## PROMPT
Skip the pictures, please, and write out exactly the lines from the opening of the data through the line containing "Author Claud Garner, right, autographed".

## INFORMATION PROVIDED
■ ■ ■ ■

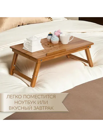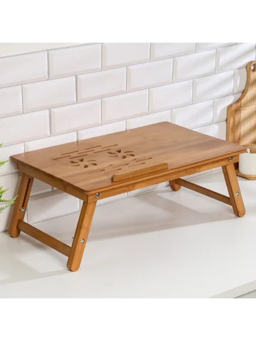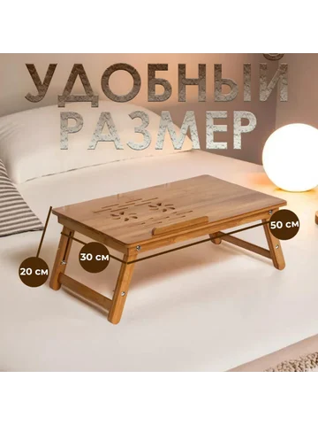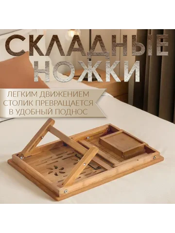 Столик для ноутбука складной, 30х50 см, дерево. Универсальный деревянный столик можно использовать для приятного завтрака в постели или ужина перед телевизором, как подставку для ноутбука, поднос для подачи блюд и сервировки. Изделие изготовлено из натурального безопасного материала, все детали тщательно отшлифованы.
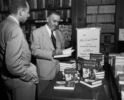 Author Claud Garner, right, autographed copies of his second novel while discussing a tour of other Southwest cities with Robert Rainer, representing his publisher, Creative Age Press. Published in the Fort Worth Star - Telegram morning edition, September 29, 1950.
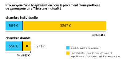 Le prix de la pose d’une prothèse du genou peut être assez élevé. Si vous n’êtes pas affilié à une mutuelle, vous payerez environ 8.000€ pour une chambre double. Le prix varie énormément en fonction de la chambre choisie. Si vous souhaitez une chambre individuelle, vous payerez en moyenne 4 à 5 fois plus que dans une chambre double (3.831€ versus 827€), surtout à cause des suppléments élevés pour la chambre et les honoraires. C’est pourquoi il est important de vous informer au préalable du prix de l’intervention, de la somme que vous devrez payer vous-même et de l’intervention éventuelle de l’assurance hospitalisation. Certains hôpitaux donnent sur leur site web une estimation du prix d’une telle intervention. Si ce n’est pas le cas, le patient a le droit de demander une estimation des coûts à l’hôpital et de demander au médecin quels suppléments il facture.
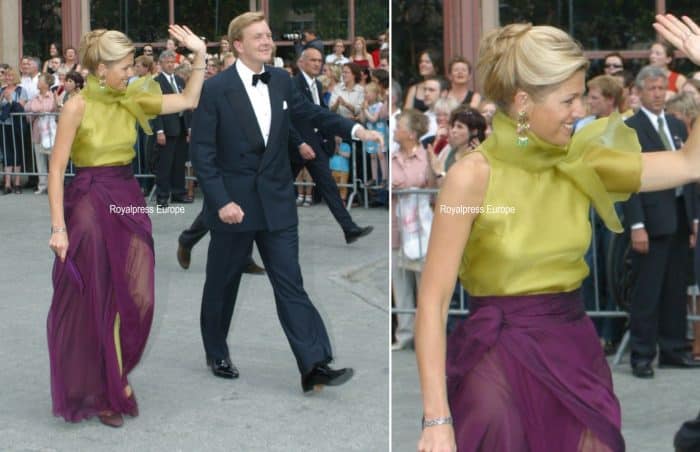 Máxima kende haar al voor ze verliefd werd op Willem-Alexander. Haar moeder, Maria del Carmen Cerruti, kocht een deel van haar nette goed bij Naum. De eerste bestellingen van de toekomstige prinses bestonden uit rechte rokken en wijde, keurige blouses. Maar naarmate Máxima’s ervaring, inburgering en zelfvertrouwen toenamen, nam ook haar modelef toe. En zo bestelde ze in 2002 een groene rok met een paarse overlaag en een top in dezelfde kleur groen. De set viel zo in de smaak, dat er ook een paars-rode versie werd aangeschaft. Helaas is die nooit publiekelijk gedragen.

■ ■ ■ ■

## EXERCISE SOLUTION
 Столик для ноутбука складной, 30х50 см, дерево. Универсальный деревянный столик можно использовать для приятного завтрака в постели или ужина перед телевизором, как подставку для ноутбука, поднос для подачи блюд и сервировки. Изделие изготовлено из натурального безопасного материала, все детали тщательно отшлифованы.
 Author Claud Garner, right, autographed copies of his second novel while discussing a tour of other Southwest cities with Robert Rainer, representing his publisher, Creative Age Press. Published in the Fort Worth Star - Telegram morning edition, September 29, 1950.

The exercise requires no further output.